• [Items from a data source]
▼
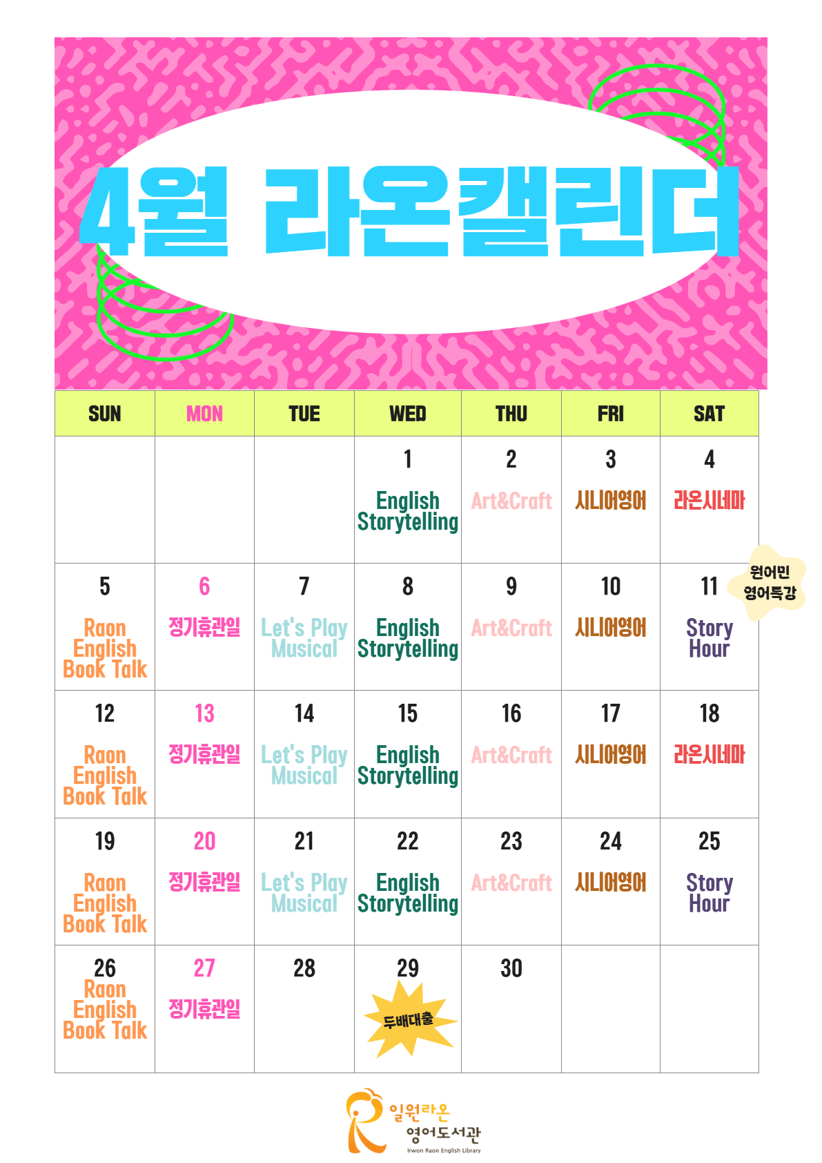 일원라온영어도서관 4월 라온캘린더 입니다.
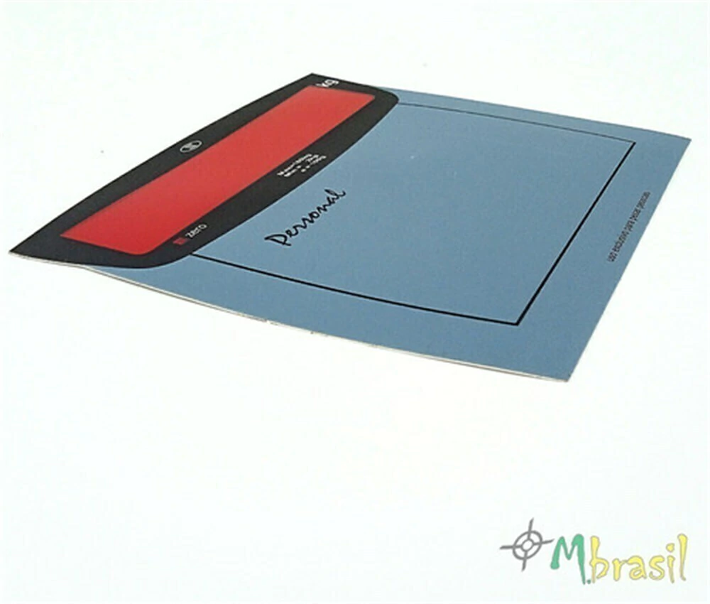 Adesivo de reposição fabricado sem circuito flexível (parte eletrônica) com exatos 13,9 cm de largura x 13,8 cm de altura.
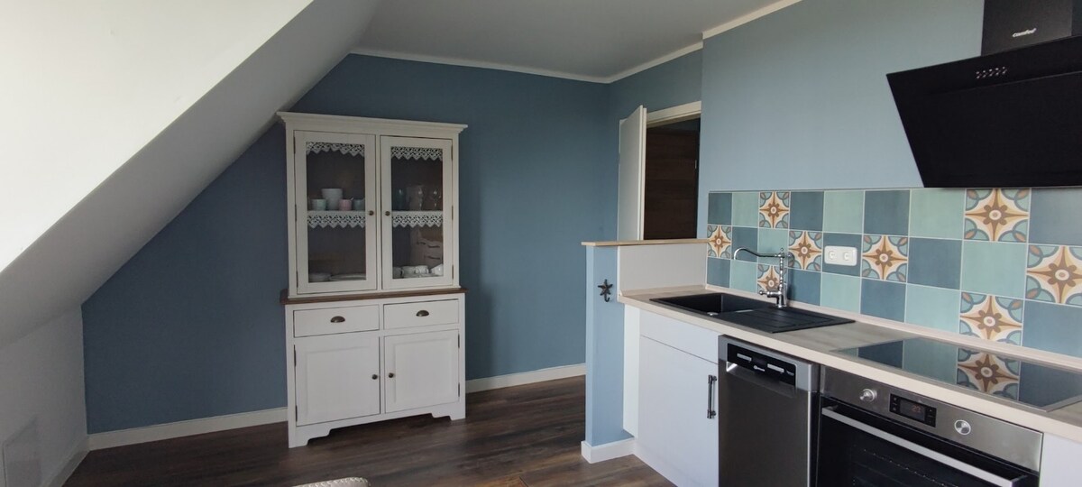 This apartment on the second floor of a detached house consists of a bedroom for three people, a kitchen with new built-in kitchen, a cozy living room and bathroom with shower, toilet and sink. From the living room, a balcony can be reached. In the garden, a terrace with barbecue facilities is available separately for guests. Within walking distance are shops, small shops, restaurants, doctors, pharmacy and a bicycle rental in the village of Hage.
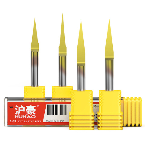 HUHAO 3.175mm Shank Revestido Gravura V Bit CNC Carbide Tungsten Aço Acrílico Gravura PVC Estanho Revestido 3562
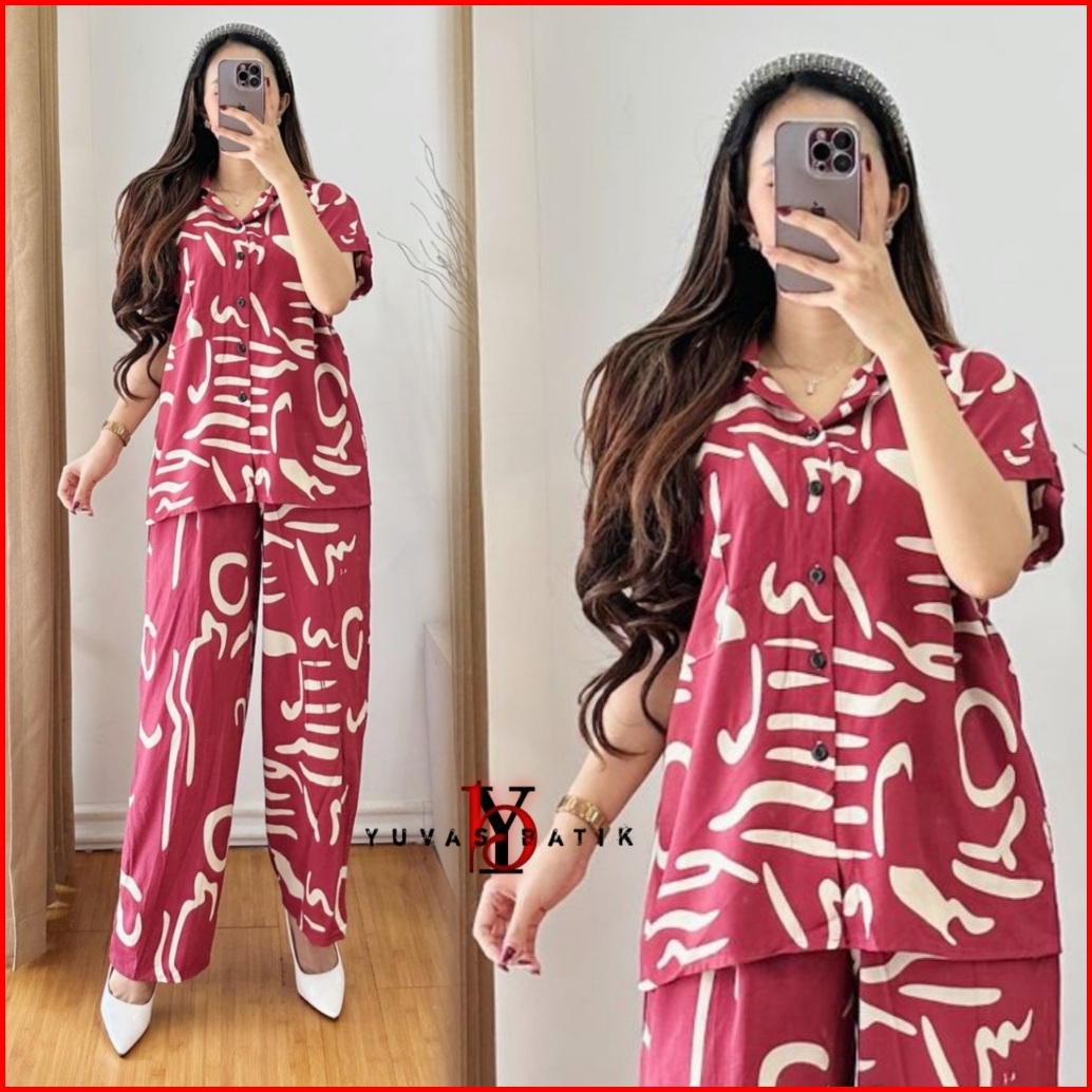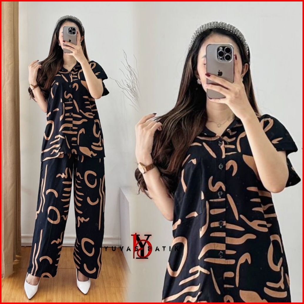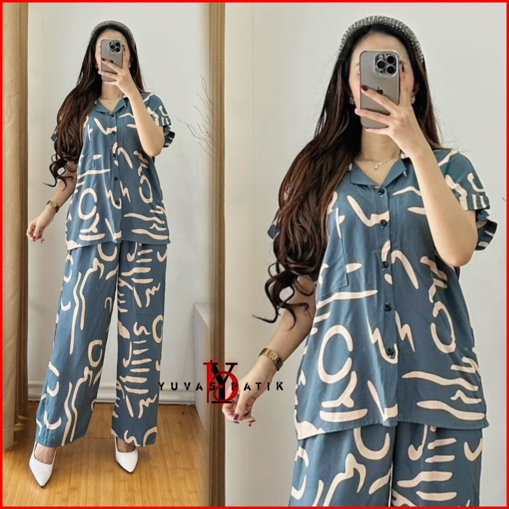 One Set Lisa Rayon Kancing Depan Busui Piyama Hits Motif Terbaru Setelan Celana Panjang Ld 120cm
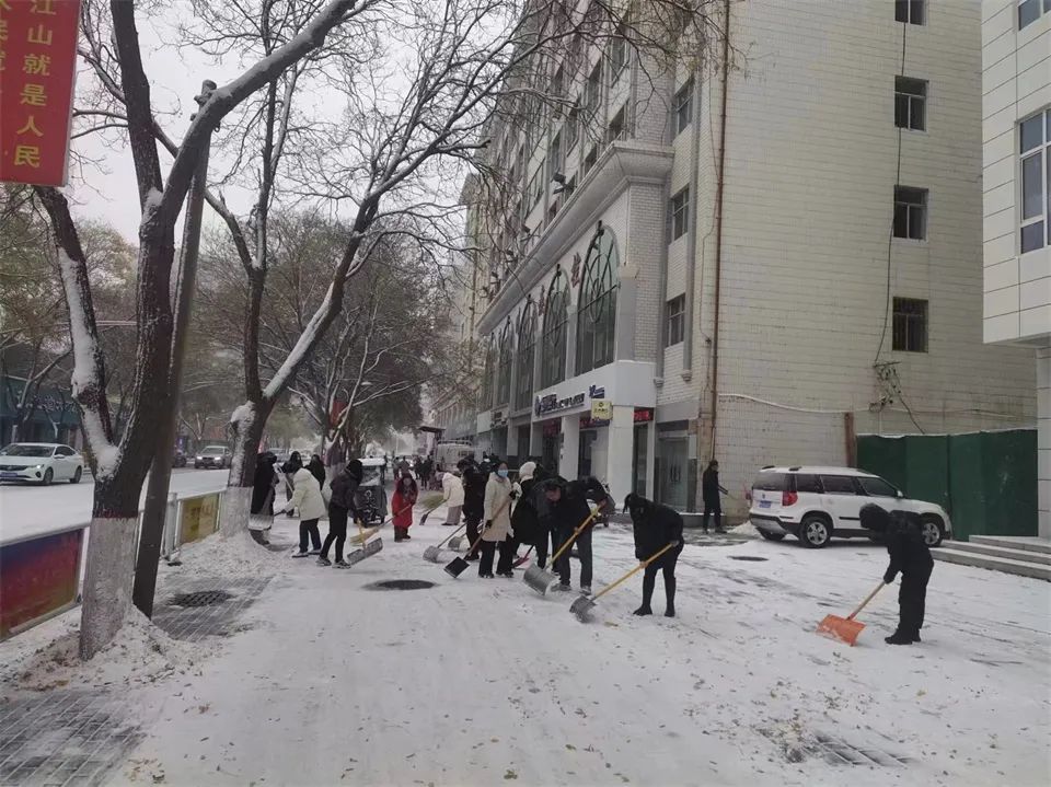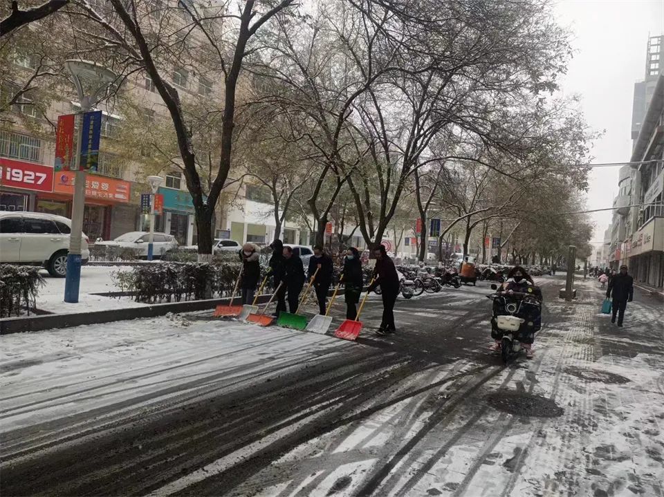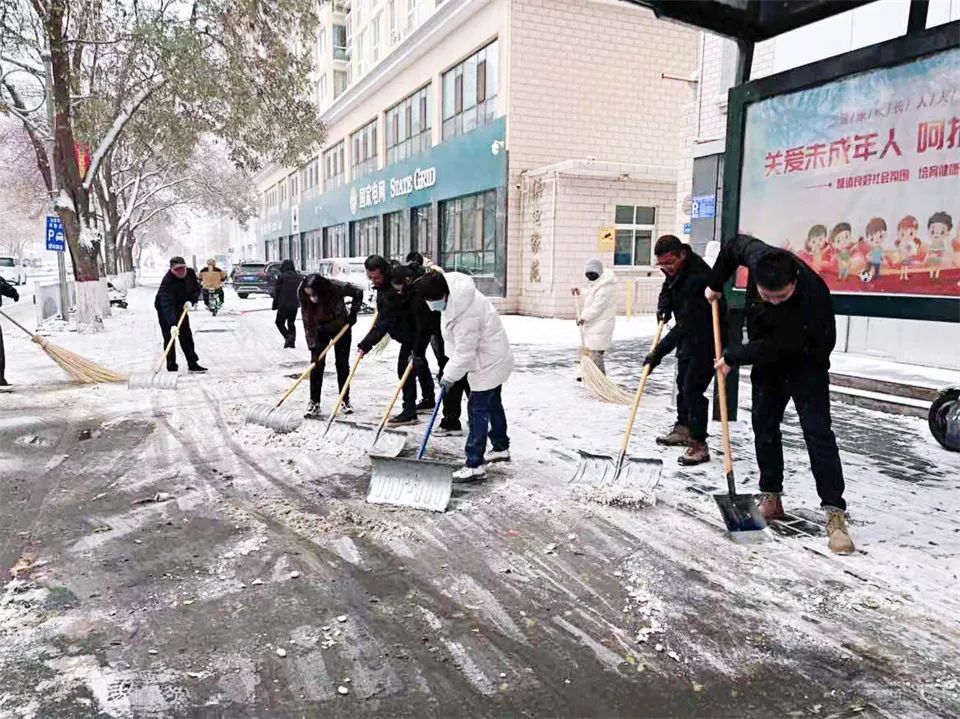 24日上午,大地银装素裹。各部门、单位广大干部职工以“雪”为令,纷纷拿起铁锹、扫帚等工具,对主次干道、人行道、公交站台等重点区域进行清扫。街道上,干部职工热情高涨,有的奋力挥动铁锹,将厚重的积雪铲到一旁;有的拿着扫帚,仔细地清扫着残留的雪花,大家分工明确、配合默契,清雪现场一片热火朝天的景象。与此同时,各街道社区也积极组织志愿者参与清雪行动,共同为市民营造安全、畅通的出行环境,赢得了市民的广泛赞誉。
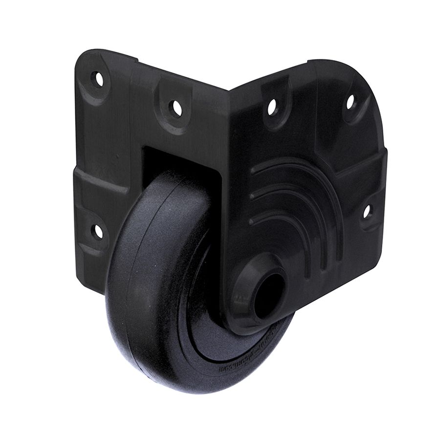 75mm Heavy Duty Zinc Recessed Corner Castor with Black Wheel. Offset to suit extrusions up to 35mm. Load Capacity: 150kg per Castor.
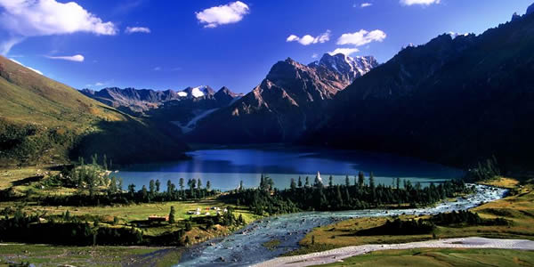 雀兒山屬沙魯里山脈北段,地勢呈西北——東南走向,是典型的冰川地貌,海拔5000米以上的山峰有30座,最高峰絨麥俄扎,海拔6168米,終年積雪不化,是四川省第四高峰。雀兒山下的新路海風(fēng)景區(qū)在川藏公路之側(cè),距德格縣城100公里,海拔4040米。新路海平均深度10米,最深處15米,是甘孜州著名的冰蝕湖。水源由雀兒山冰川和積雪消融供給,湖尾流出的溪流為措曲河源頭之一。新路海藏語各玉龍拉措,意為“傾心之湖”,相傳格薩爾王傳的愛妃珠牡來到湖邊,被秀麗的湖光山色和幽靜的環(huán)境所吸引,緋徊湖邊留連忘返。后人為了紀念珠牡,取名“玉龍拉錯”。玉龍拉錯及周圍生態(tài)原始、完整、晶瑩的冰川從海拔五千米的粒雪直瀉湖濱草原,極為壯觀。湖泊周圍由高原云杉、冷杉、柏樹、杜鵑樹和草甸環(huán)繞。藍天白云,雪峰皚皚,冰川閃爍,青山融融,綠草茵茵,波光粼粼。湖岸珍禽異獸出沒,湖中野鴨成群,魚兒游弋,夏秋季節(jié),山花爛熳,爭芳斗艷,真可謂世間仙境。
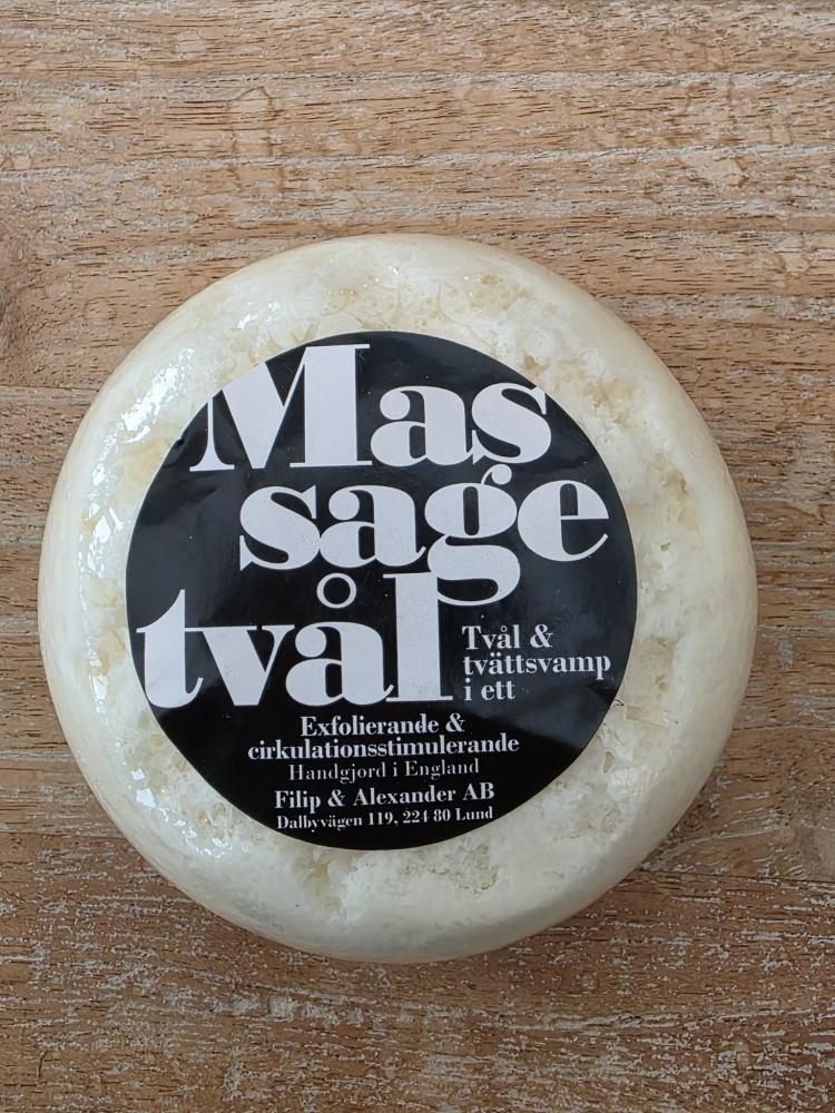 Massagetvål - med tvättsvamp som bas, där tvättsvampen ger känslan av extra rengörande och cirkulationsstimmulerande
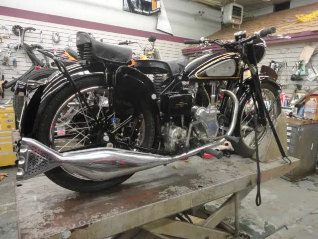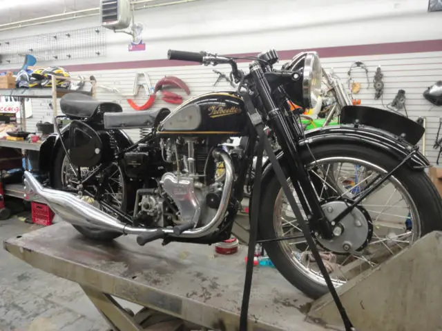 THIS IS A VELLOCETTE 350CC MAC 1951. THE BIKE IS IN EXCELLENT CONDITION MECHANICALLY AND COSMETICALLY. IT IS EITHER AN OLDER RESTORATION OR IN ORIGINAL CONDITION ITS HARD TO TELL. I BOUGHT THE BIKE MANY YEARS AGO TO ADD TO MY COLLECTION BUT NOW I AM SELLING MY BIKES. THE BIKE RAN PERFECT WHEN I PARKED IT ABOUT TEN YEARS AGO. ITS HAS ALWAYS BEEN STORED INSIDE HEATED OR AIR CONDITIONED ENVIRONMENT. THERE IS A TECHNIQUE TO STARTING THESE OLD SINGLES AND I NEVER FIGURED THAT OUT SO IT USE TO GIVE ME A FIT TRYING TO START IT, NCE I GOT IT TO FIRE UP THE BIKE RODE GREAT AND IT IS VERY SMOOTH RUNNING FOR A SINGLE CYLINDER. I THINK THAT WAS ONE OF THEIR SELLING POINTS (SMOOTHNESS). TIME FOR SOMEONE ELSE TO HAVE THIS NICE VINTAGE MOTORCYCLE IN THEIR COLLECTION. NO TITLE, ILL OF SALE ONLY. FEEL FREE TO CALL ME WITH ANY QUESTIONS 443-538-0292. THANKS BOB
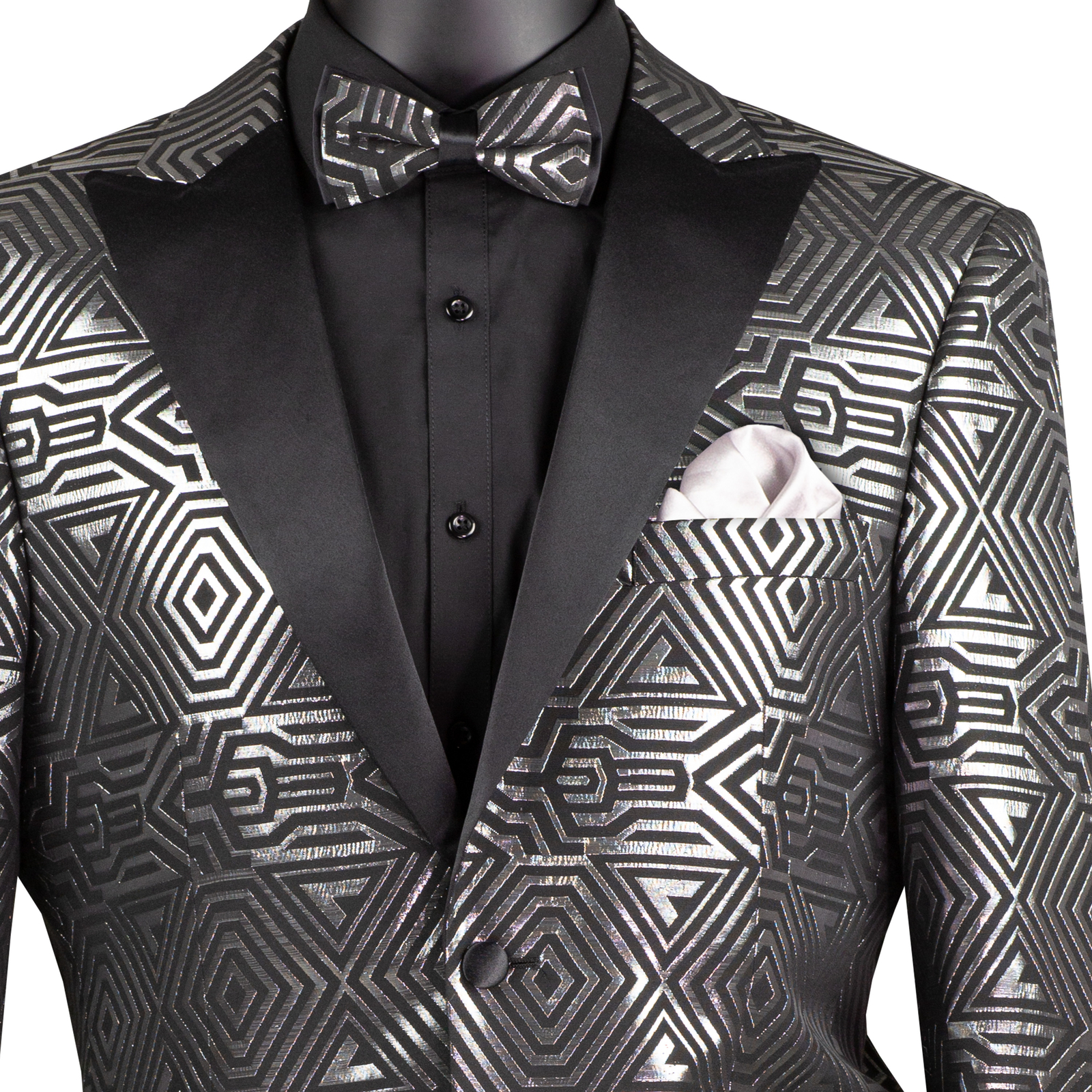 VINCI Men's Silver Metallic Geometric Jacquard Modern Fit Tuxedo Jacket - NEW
▲
• [Assignment]
"Adesivo de reposição" marks the first line to copy, and "One Set Lisa" marks the last. Repeat that stretch above exactly, with no pictures.

• [Response below]
 Adesivo de reposição fabricado sem circuito flexível (parte eletrônica) com exatos 13,9 cm de largura x 13,8 cm de altura.
 This apartment on the second floor of a detached house consists of a bedroom for three people, a kitchen with new built-in kitchen, a cozy living room and bathroom with shower, toilet and sink. From the living room, a balcony can be reached. In the garden, a terrace with barbecue facilities is available separately for guests. Within walking distance are shops, small shops, restaurants, doctors, pharmacy and a bicycle rental in the village of Hage.
 HUHAO 3.175mm Shank Revestido Gravura V Bit CNC Carbide Tungsten Aço Acrílico Gravura PVC Estanho Revestido 3562
 One Set Lisa Rayon Kancing Depan Busui Piyama Hits Motif Terbaru Setelan Celana Panjang Ld 120cm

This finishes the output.